SELECT DISTINCT "Users"."id" , "Users".name,
"Users"."surname", "Users"."gender",
"Users"."dob", "Searches"."start_date"
FROM "Users"
LEFT JOIN "Searches" ON "Users"."id" = "Searches"."user_id"

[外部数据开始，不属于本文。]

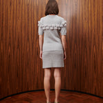 O tricot ganha leveza e ousadia na versão com mangas curtas e aplicação de fita de pele — um bordado artesanal que contorna o busto com textura e movimento, criando um efeito gráfico inesperado. Confeccionado em fio misto de algodão, combina sofisticação e conforto em uma silhueta fácil de usar, perfeita para produções elegantes e descomplicadas. Um clássico MES com espírito jovem e olhar contemporâneo.

WHERE (SQRT( POW(69.1 * ("Users"."latitude" - 45.465454), 2) + POW(69.1 * (9.186515999999983 - "Users"."longitude") * COS("Users"."latitude" / 57.3), 2))) < 20
AND "Users"."status" = true
AND "Users"."id" != 18
AND "Searches"."activity" = \'clubbing\'
AND "Users"."gender" = \'m\'
AND "Users"."age" BETWEEN 18 AND 30
ORDER BY ABS( "Searches"."start_date" - date \'2016-07-07\' )
由于某些原因,上述查询返回以下错误:
for SELECT DISTINCT, ORDER BY expressions must appear in select list
我只想返回独特的用户,但我真的不知道它有什么问题。
感谢您的帮助
答案 0 :(得分:0)
在Postgres中,您可以使用DISTINCT ON为每个用户ID获取一行:
SELECT DISTINCT ON (u."id") u."id", u.name, u."surname", u."gender", u."dob", s."start_date"
FROM "Users" u LEFT JOIN
"Searches" s
ON u."id" = s."user_id"
WHERE (SQRT( POW(69.1 * (u."latitude" - 45.465454), 2) + POW(69.1 * (9.186515999999983 - u."longitude") * COS(u."latitude" / 57.3), 2))) < 20 AND
u."status" = true AND
u."id" != 18 AND "Searches"."activity" = \'clubbing\' AND
u."gender" = \'m\' AND
u."age" BETWEEN 18 AND 30
ORDER BY users.id, ABS(s."start_date" - date \'2016-07-07\' );
注意表别名如何使查询更容易编写和阅读。
答案 1 :(得分:0)
只是执行错误消息说明我将在ABS( "Searches"."start_date" - date '2016-07-07' )列表中包含表达式SELECT。无需更改查询逻辑
处理结果后,absdiffdate可以被丢弃。
SELECT DISTINCT "Users"."id" , "Users".name,
"Users"."surname", "Users"."gender",
"Users"."dob", "Searches"."start_date",
ABS( "Searches"."start_date" - date '2016-07-07' ) absdiffdate
FROM "Users"
LEFT JOIN "Searches" ON "Users"."id" = "Searches"."user_id"
WHERE (SQRT( POW(69.1 * ("Users"."latitude" - 45.465454), 2) + POW(69.1 * (9.186515999999983 - "Users"."longitude") * COS("Users"."latitude" / 57.3), 2))) < 20
AND "Users"."status" = true
AND "Users"."id" != 18
AND "Searches"."activity" = 'clubbing'
AND "Users"."gender" = 'm'
AND "Users"."age" BETWEEN 18 AND 30
ORDER BY ABS( "Searches"."start_date" - date '2016-07-07' )
当应用DISTINCT时,此新列会导致更多记录吗?
我不这么认为,因为你从start_date中减去一个常量,而类似的start_date对应类似的结果。